Kavanaugh joined the concurring opinion by Justice Alito and Chief Justice John Roberts.

(File Photo: screenshot)

The differences in Monday’s cases followed last week’s move by Kavanaugh in joining the liberal Supreme Court justices ruling in the Apple v. Pepper case that consumers have the standing to sue Apple.

In March, Trump’s judicial appointees reached decisions that did not concur, for the third time in the high court session at the time, punching a hole in the left’s narrative that the president’s nominees would quickly swing the Supreme Court to the extreme right.

In that case, Kavanaugh sided with the liberal justices on the court in blocking the execution of a death-row inmate who was not being allowed to have his Buddhist spiritual adviser present.

(File Photo: screenshot)

 

But Jonathan Adler, law professor at Case Western Reserve University’s School of Law, thinks the diverging opinions from Gorsuch and Kavanaugh are not an indication of any fundamental shift in their views. He noted that while the two newest justices appear to be differing in their conservative natures, broad conclusions should be avoided.

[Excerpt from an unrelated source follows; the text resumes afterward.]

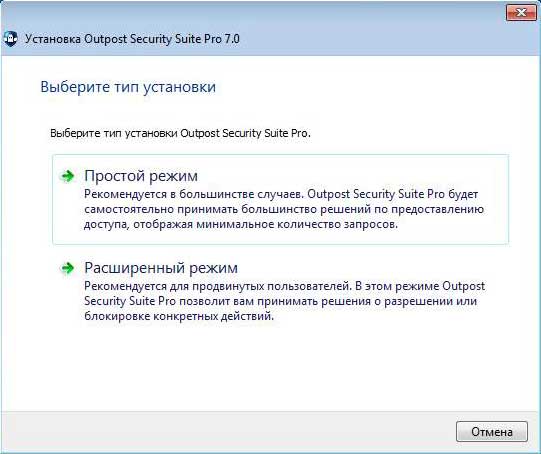 В состав линейки защитного ПО Outpost 7 от Agnitum входят три продукта: персональный файрволл Outpost Firewall Pro 7, антивирус Outpost Antivirus Pro 7 и комплексное решение класса Internet Security — Outpost Security Suite Pro 7. «Семерка» в версии обозначает выпуск нового поколения решения — предыдущее два года выпускалось под цифрой «6». Отстраняя в сторону все маркетинговые идеи, стоит отметить, что разработчик своевременно обновил свои приложения для соответствия современным требованиям к функциональности и внешнему виду программного обеспечения в контексте набирающей все большую популярность ОС Windows 7. Работа инсталлятора в новой версии приложения значительно упростилась — пользователь за несколько кликов переходит уже к самой установке, у него не вызывают вопросы некоторые запросы или формулировки на экранах. Так, например, классический переключатель режимов работы (обычный или расширенный") вынесен на отдельный экран в самом начале инсталляции.

It “is possible we are beginning to see differences that are a product of their respective experiences—a difference that could explain their disagreements on questions of Indian Law, something that arises far more often on Tenth Circuit (which Justice Gorsuch sat) than in Washington, D.C. [where Kavanaugh sat],” Adler wrote in an article published in Reason on Monday.

He added:

These splits do not really show one of the Court’s newest justices as being more “conservative” than the other, but they do suggest meaningful differences in method and underlying jurisprudence. While this week Justice Gorsuch seems to have joined the Court’s liberals and Justice Kavanaugh tended to stick with the Court’s conservatives, in last week’s Apple antitrust case they split in the opposite direction.

 

“I am reluctant to draw broad conclusions about the meaning of these differences, as it is still early,” Adler wrote.  “Trump’s two nominees to the Court are anything but carbon copies or clones of one another.”